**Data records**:
╔══
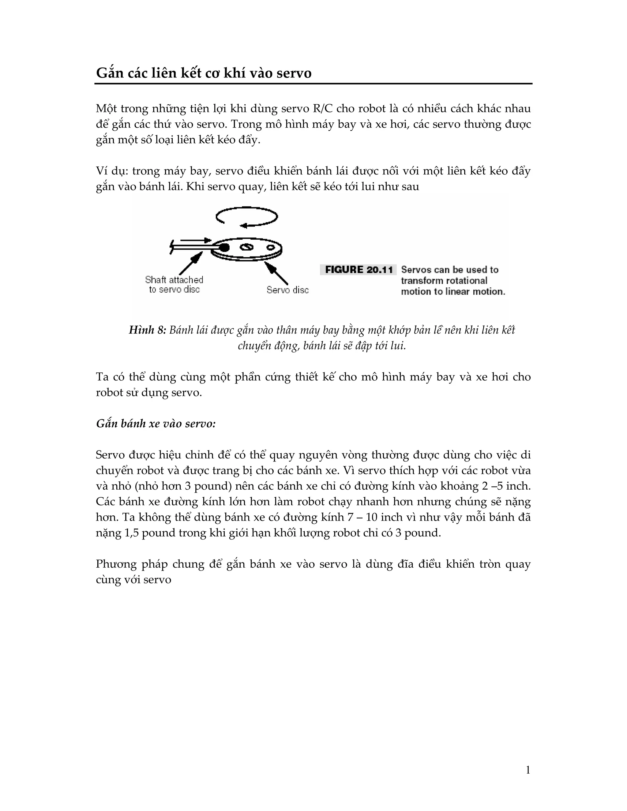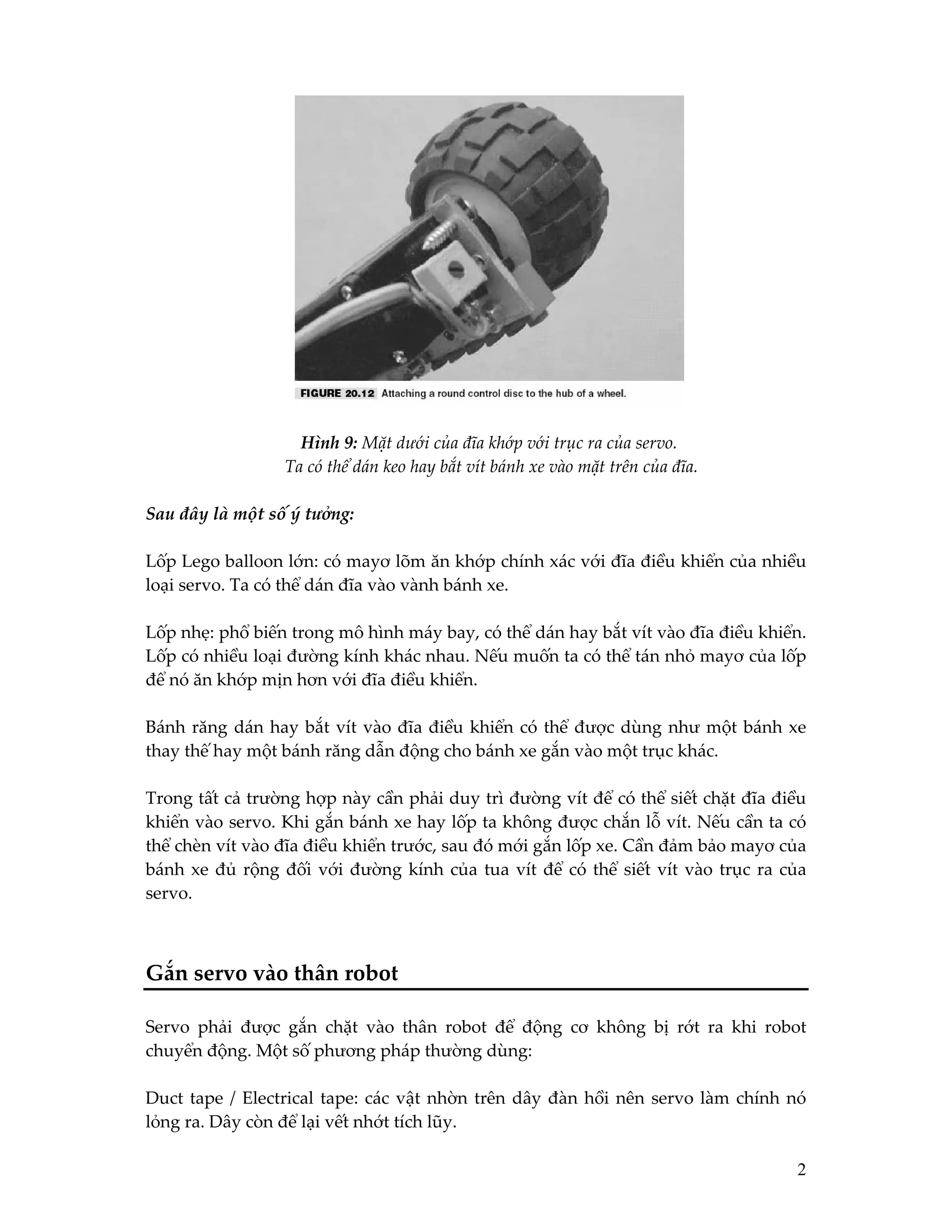 Tài liệu mô tả cách gắn các liên kết cơ khí vào servo trong robot, với nhiều phương pháp khác nhau bao gồm sử dụng tape, buộc chặt bằng dây hoặc gắn bằng keo. Nó cũng cung cấp hướng dẫn về cách gắn bánh xe vào servo và cách điều khiển servo bằng máy phát chức năng hoặc handy board. Cuối cùng, tài liệu trình bày mã lập trình mẫu để điều khiển servo và hiển thị góc quay trên màn hình.
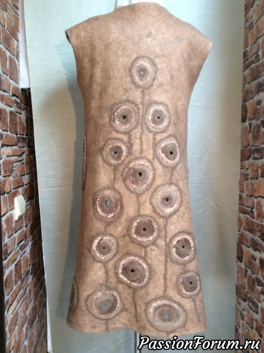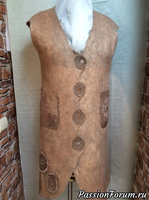 Оля, очень интересный жилет-пальто, очень спокойный цвет, интересная фактура, все продумано до мелочей, молодец! А одуванчики выложены из пряжи и префельта по центру потемнее, не совсем поняла на фото?
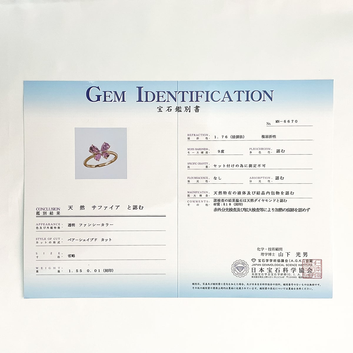 K18PG 非加熱サファイア 1.55ct ダイヤモンド 0.01ct リング
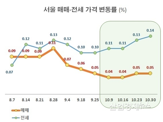 하지만 전세가격은 계속 가파른 상승세를 보이며 매주 상승률을 높여 10월 넷째주 0.14%의 상승률을 보였다. 최근 상승세가 제일 가파랐던 8월말 0.13%보다 더 높은 상승세를 보였다.
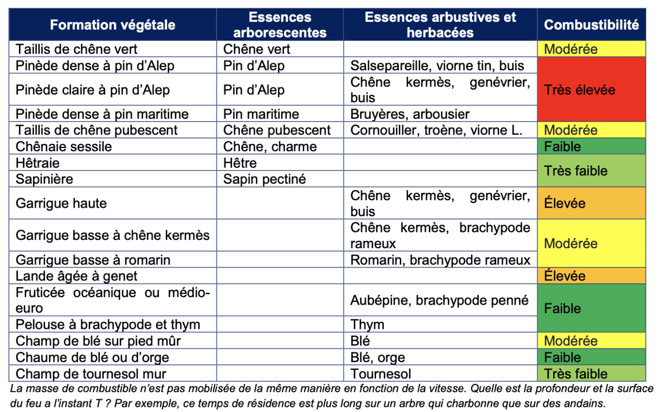 C’est la propriété qu’à un végétal, ou un ensemble de végétaux, à propager le feu. Elle est représenté par le temps de résidence de la flamme.
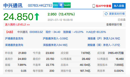 7月12日下午消息,香港恒生指数收涨0.62%,恒生科技指数涨1.14%,中兴通讯港股收涨超13%,报24.85港元每股,市值约187.7亿港元。此前,该公司发布公告称,上半年净利预增104.6%-131.52%。
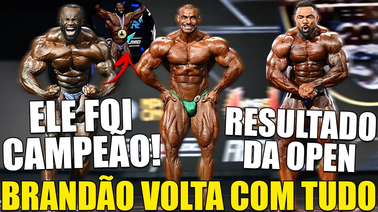 o Brandão voltou para as finais ainda mais confiante e esse ano ele acabou permanecendo dentro do Top 10 mas subiu posições porém a surpresa veio mesmo na vitória do samson dalda que é preparado pela sua esposa e se tornou assim o novo mister Olímpia o Edvan ficou no top cinco da M fisic representou demais mas dois brasileiros entraram dentro do Top 10 foi comprovado as camisetas Tech tshirt foram testadas e aprovadas e um teste para confirmar se elas realmente des amassam no corpo de forma mais rápida no teste foi utilizado uma camiseta meio a meio
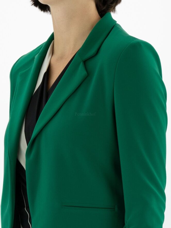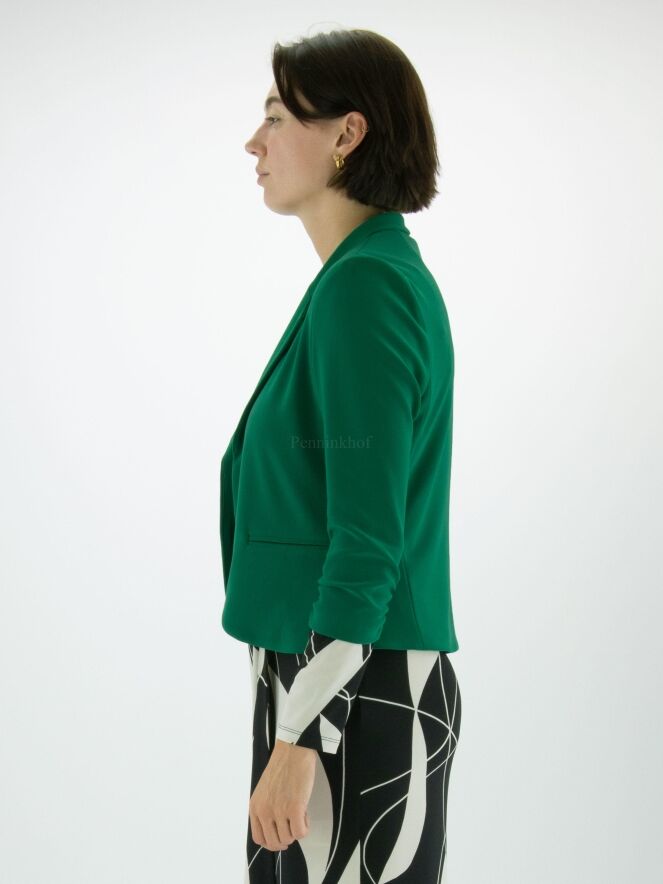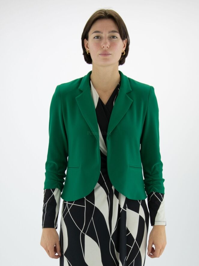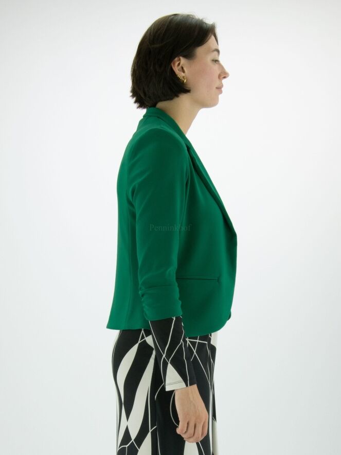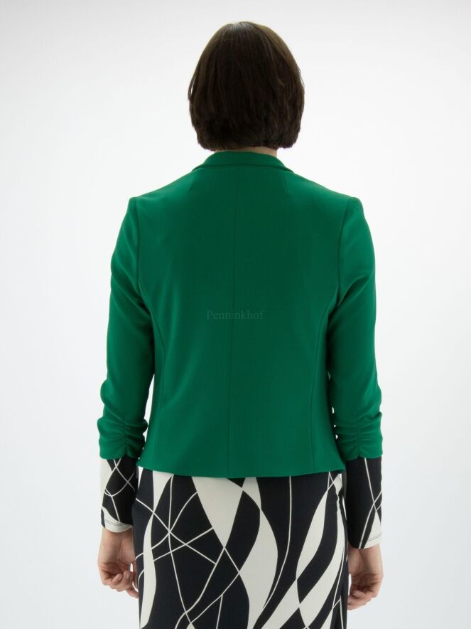 A short blazer from Joseph Ribkoff in black. The blazer has a mid-length sleeve with fine pleats at the end on the stitching seam. The blazer has no fastening and may be hand washed.
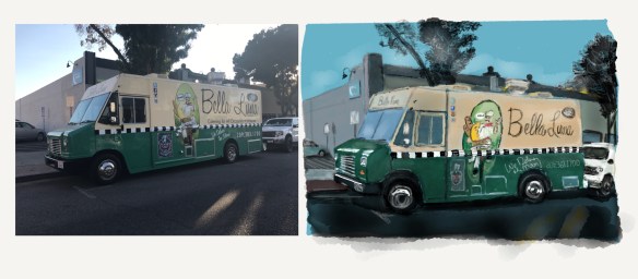The other night, after we went to see Dunkirk, now that’s patriotism, and had a beer at the 17th St. Pub, we strolled over to Bella Luna for another beer and some great grub. On the way out Ann snapped a shot of the Bella Luna food truck out front. She’s got such a good eye! She’s always on the look out for cool things that I might draw on my iPad.
╚══
**WORK INSTRUCTIONS**: Copy the entries precisely, images excluded.

**EXPECTED ANSWER**:
 Tài liệu mô tả cách gắn các liên kết cơ khí vào servo trong robot, với nhiều phương pháp khác nhau bao gồm sử dụng tape, buộc chặt bằng dây hoặc gắn bằng keo. Nó cũng cung cấp hướng dẫn về cách gắn bánh xe vào servo và cách điều khiển servo bằng máy phát chức năng hoặc handy board. Cuối cùng, tài liệu trình bày mã lập trình mẫu để điều khiển servo và hiển thị góc quay trên màn hình.
 Оля, очень интересный жилет-пальто, очень спокойный цвет, интересная фактура, все продумано до мелочей, молодец! А одуванчики выложены из пряжи и префельта по центру потемнее, не совсем поняла на фото?
 K18PG 非加熱サファイア 1.55ct ダイヤモンド 0.01ct リング
 하지만 전세가격은 계속 가파른 상승세를 보이며 매주 상승률을 높여 10월 넷째주 0.14%의 상승률을 보였다. 최근 상승세가 제일 가파랐던 8월말 0.13%보다 더 높은 상승세를 보였다.
 C’est la propriété qu’à un végétal, ou un ensemble de végétaux, à propager le feu. Elle est représenté par le temps de résidence de la flamme.
 7月12日下午消息,香港恒生指数收涨0.62%,恒生科技指数涨1.14%,中兴通讯港股收涨超13%,报24.85港元每股,市值约187.7亿港元。此前,该公司发布公告称,上半年净利预增104.6%-131.52%。
 o Brandão voltou para as finais ainda mais confiante e esse ano ele acabou permanecendo dentro do Top 10 mas subiu posições porém a surpresa veio mesmo na vitória do samson dalda que é preparado pela sua esposa e se tornou assim o novo mister Olímpia o Edvan ficou no top cinco da M fisic representou demais mas dois brasileiros entraram dentro do Top 10 foi comprovado as camisetas Tech tshirt foram testadas e aprovadas e um teste para confirmar se elas realmente des amassam no corpo de forma mais rápida no teste foi utilizado uma camiseta meio a meio
 A short blazer from Joseph Ribkoff in black. The blazer has a mid-length sleeve with fine pleats at the end on the stitching seam. The blazer has no fastening and may be hand washed.
The other night, after we went to see Dunkirk, now that’s patriotism, and had a beer at the 17th St. Pub, we strolled over to Bella Luna for another beer and some great grub. On the way out Ann snapped a shot of the Bella Luna food truck out front. She’s got such a good eye! She’s always on the look out for cool things that I might draw on my iPad.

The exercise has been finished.